> _WHAT IS NEEDED_
Print the data below exactly, but only the lines from the one containing "WILLEMSTAD – 16" down to the one containing "Nerezový, jednostěnný termo", inclusive.

┌─ TASK DATA

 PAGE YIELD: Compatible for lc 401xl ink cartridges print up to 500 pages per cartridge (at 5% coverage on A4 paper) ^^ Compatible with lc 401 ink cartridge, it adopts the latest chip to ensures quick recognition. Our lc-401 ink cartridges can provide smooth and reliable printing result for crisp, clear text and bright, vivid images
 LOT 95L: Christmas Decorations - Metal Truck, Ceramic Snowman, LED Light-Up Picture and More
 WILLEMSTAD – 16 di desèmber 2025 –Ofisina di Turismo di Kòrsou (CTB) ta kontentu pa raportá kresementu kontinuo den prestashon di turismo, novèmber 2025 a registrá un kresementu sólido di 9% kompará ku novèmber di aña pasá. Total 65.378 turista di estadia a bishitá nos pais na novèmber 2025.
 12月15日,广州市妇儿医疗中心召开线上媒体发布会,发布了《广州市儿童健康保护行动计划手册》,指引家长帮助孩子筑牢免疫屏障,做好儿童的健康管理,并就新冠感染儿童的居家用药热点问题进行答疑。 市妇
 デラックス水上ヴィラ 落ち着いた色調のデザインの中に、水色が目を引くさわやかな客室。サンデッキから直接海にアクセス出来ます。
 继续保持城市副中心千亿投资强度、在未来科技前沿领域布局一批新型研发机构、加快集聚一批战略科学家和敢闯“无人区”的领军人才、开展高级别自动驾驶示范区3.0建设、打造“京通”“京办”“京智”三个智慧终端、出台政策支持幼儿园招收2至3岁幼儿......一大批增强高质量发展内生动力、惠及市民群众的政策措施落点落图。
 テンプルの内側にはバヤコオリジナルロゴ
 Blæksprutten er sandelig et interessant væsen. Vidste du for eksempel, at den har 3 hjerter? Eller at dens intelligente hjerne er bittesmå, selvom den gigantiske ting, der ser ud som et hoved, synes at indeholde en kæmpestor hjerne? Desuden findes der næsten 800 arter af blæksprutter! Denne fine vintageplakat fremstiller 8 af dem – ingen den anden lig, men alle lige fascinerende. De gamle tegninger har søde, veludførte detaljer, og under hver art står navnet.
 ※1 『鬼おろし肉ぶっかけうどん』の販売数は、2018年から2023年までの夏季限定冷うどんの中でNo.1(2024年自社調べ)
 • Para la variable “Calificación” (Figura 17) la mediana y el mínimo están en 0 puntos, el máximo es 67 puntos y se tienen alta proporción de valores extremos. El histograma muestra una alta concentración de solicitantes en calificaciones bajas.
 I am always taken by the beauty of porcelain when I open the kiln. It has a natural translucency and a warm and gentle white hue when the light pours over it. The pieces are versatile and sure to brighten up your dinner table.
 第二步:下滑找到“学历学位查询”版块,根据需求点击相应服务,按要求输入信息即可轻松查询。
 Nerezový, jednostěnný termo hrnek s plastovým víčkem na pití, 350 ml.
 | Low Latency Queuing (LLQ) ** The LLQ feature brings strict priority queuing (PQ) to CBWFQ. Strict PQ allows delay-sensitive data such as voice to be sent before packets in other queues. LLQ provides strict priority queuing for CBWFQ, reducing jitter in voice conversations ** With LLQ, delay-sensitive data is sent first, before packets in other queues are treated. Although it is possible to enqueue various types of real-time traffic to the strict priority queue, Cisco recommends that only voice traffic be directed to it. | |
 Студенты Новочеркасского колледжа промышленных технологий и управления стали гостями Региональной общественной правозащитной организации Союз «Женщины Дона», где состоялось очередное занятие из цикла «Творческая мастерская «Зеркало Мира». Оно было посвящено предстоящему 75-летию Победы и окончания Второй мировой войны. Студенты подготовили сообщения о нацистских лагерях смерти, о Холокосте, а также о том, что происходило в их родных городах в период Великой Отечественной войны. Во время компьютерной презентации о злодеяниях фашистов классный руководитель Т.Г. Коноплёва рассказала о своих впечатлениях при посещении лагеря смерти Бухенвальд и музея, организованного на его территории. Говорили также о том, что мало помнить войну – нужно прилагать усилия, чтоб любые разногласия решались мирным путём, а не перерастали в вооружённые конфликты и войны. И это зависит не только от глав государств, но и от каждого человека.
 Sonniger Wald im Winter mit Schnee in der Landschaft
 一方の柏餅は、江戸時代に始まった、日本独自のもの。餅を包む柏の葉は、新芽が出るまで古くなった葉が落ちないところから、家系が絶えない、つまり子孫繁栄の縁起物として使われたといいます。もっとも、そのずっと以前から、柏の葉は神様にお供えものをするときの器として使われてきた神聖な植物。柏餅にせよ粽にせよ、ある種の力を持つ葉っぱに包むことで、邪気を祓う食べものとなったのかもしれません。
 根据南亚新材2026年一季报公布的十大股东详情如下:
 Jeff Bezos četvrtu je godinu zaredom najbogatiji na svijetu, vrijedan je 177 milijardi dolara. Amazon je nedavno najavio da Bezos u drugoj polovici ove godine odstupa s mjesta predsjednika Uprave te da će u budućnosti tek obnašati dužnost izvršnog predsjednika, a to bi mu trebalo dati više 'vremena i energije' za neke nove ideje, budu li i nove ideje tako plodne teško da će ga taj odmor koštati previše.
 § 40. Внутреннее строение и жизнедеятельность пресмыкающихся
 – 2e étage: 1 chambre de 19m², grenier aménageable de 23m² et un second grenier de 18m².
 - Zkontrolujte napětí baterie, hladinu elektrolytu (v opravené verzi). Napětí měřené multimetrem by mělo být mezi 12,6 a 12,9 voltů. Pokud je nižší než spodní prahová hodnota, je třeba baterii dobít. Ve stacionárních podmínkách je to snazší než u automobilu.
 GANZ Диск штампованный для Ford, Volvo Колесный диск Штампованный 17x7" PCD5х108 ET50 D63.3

└─

> _TASK OUTPUT_
 WILLEMSTAD – 16 di desèmber 2025 –Ofisina di Turismo di Kòrsou (CTB) ta kontentu pa raportá kresementu kontinuo den prestashon di turismo, novèmber 2025 a registrá un kresementu sólido di 9% kompará ku novèmber di aña pasá. Total 65.378 turista di estadia a bishitá nos pais na novèmber 2025.
 12月15日,广州市妇儿医疗中心召开线上媒体发布会,发布了《广州市儿童健康保护行动计划手册》,指引家长帮助孩子筑牢免疫屏障,做好儿童的健康管理,并就新冠感染儿童的居家用药热点问题进行答疑。 市妇
 デラックス水上ヴィラ 落ち着いた色調のデザインの中に、水色が目を引くさわやかな客室。サンデッキから直接海にアクセス出来ます。
 继续保持城市副中心千亿投资强度、在未来科技前沿领域布局一批新型研发机构、加快集聚一批战略科学家和敢闯“无人区”的领军人才、开展高级别自动驾驶示范区3.0建设、打造“京通”“京办”“京智”三个智慧终端、出台政策支持幼儿园招收2至3岁幼儿......一大批增强高质量发展内生动力、惠及市民群众的政策措施落点落图。
 テンプルの内側にはバヤコオリジナルロゴ
 Blæksprutten er sandelig et interessant væsen. Vidste du for eksempel, at den har 3 hjerter? Eller at dens intelligente hjerne er bittesmå, selvom den gigantiske ting, der ser ud som et hoved, synes at indeholde en kæmpestor hjerne? Desuden findes der næsten 800 arter af blæksprutter! Denne fine vintageplakat fremstiller 8 af dem – ingen den anden lig, men alle lige fascinerende. De gamle tegninger har søde, veludførte detaljer, og under hver art står navnet.
 ※1 『鬼おろし肉ぶっかけうどん』の販売数は、2018年から2023年までの夏季限定冷うどんの中でNo.1(2024年自社調べ)
 • Para la variable “Calificación” (Figura 17) la mediana y el mínimo están en 0 puntos, el máximo es 67 puntos y se tienen alta proporción de valores extremos. El histograma muestra una alta concentración de solicitantes en calificaciones bajas.
 I am always taken by the beauty of porcelain when I open the kiln. It has a natural translucency and a warm and gentle white hue when the light pours over it. The pieces are versatile and sure to brighten up your dinner table.
 第二步:下滑找到“学历学位查询”版块,根据需求点击相应服务,按要求输入信息即可轻松查询。
 Nerezový, jednostěnný termo hrnek s plastovým víčkem na pití, 350 ml.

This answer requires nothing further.